The library functionality can be also directly accessed in Python code using
the API, which is documented in the
[API manual](https://github.com/ggonnella/fastsubtrees/blob/main/docs/api.md).

## Subpackages

### ntmirror

When working with the NCBI taxonomy database, a local copy of the NCBI taxonomy
dump can be obtained and kept up-to-date using the _ntmirror_ package, which
is located in the directory ``ntmirror``. It is a Python package, which can
be installed using ``pip``, separately from _fastsubtrees_.
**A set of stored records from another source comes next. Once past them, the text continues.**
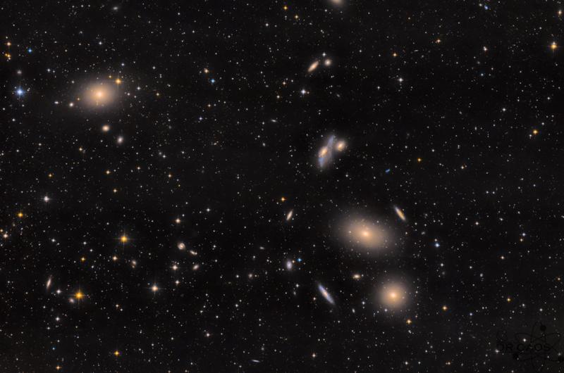 Galaxies of the Virgo Cluster are scattered across this deep telescopic field of view. The cosmic scene spans about three Full Moons, captured in dark skies near Jalisco, Mexico, planet Earth. About 50 million light-years distant, the Virgo Cluster is the closest large galaxy cluster to our own local galaxy group. Prominent here are Virgo's bright elliptical galaxies from the Messier catalog, M87 at the top left, and M84 and M86 seen (bottom to top) below and right of center. M84 and M86 are recognized as part of Markarian's Chain, a visually striking line-up of galaxies vertically on the right side of this frame. Near the middle of the chain lies an intriguing interacting pair of galaxies, NGC 4438 and NGC 4435, known to some as Markarian's Eyes. Of course giant elliptical galaxy M87 dominates the Virgo cluster. It's the home of a super massive black hole, the first black hole ever imaged by planet Earth's Event Horizon Telescope.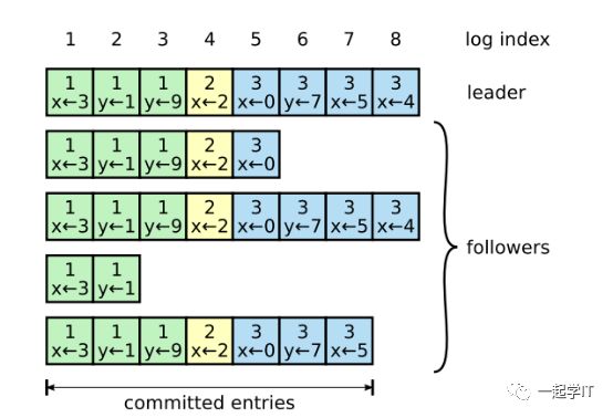 领导人来决定什么时候把日志条目应用到状态机中是安全的;这种日志条目被称为已提交。Raft算法保证所有已提交的日志条目都是持久化的并且最终会被所有可用的状态机执行。在领导人将创建的日志条目复制到大多数的服务器上的时候,日志条目就会被提交。同时,领导人的日志中之前的所有日志条目也都会被提交,包括由其他领导人创建的条目。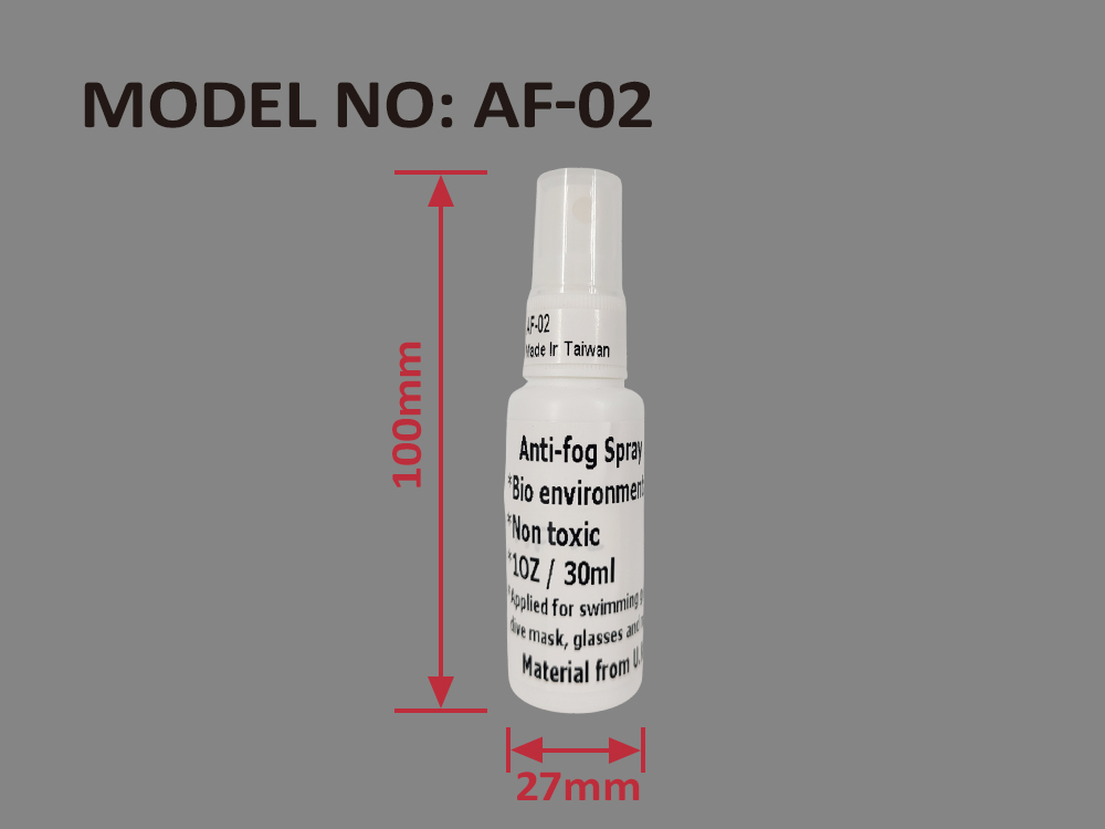 Anti-fog Spray 1 OZ / 30 mlSuitable for swimming goggles, diving masks, glasses, mirrorsBottle size:100(H)x27(Ø) mm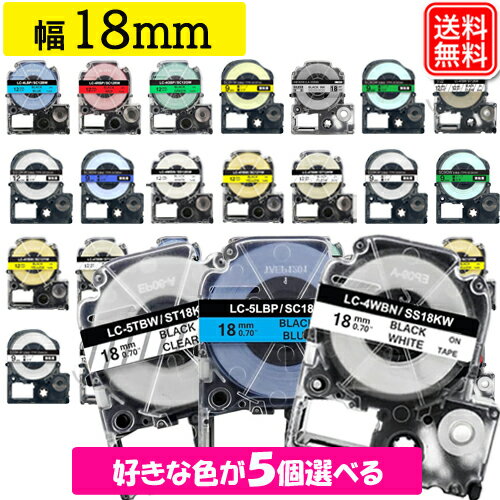 キングジム用 テプラ PRO 互換 テープカートリッジ カラーラベル 18mm 【5個自由選択】色選べるセット 強粘着 【メール便送料無料】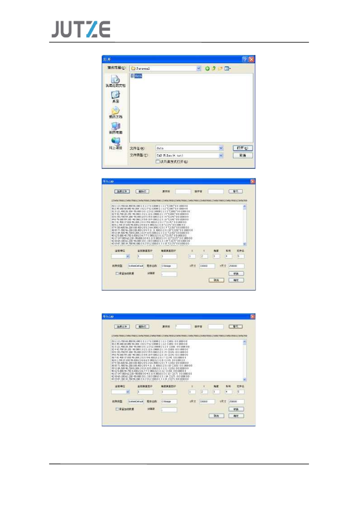 ( 2) 选择文件(文件格式: *.txt;*.csv ) a 用删除行 将不必要的行删除 b 原字符(格式里不需要的字符 “ " ” )替代 成新字符 “ 空格 ” ( 3) 读取数据后整理数据 ( 4 ) JUTZE 软件中采用 um 作基准单位,所以转换前 需要确认 \ a) 导入 CAD 数据采用的是英制或是公制 b) X/Y 坐标换算因子是否一致(单位是否 同为 um ) 30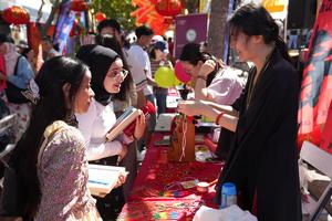 (260204) — CIUDAD DEL CABO, 4 febrero, 2026 (Xinhua) — Imagen del 1 de febrero de 2026 de personas aprendiendo a elaborar adornos con nudos chinos durante un evento en celebración del Año Nuevo chino, en Ciudad del Cabo, Sudáfrica. (Xinhua/Wang Lei) (ah) (ra) (vf)
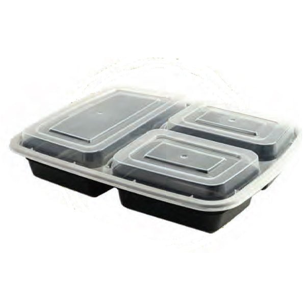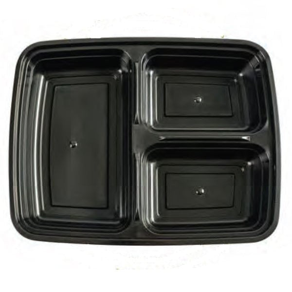 Retangular resistente para micro-ondas, 32 oz. 9" x 6,7" x 1,5" 3 compartimentos 150/Caixa

Besides downloading the dump, when needed, the package also allows to load
the NCBI taxonomy database in a local SQL database, and to extract subtrees
from it using hierarchical SQL queries.

Please refer to the user manual of _ntmirror_ located under ``ntmirror/docs``
for more information.

### Genomes Attributes Viewer

An interactive web application based on ``fastsubtrees`` was developed using
_dash_. It allows to graphically display the distribution of values of
attributes in subtrees of the NCBI taxonomic tree.

This example application is located under ``genomes-attributes-viewer``. For
more information see the ``genomes-attributes-viewer/README.md`` file.

The application can be conveniently setup and started using the Docker
image, see above in the _Docker_ section.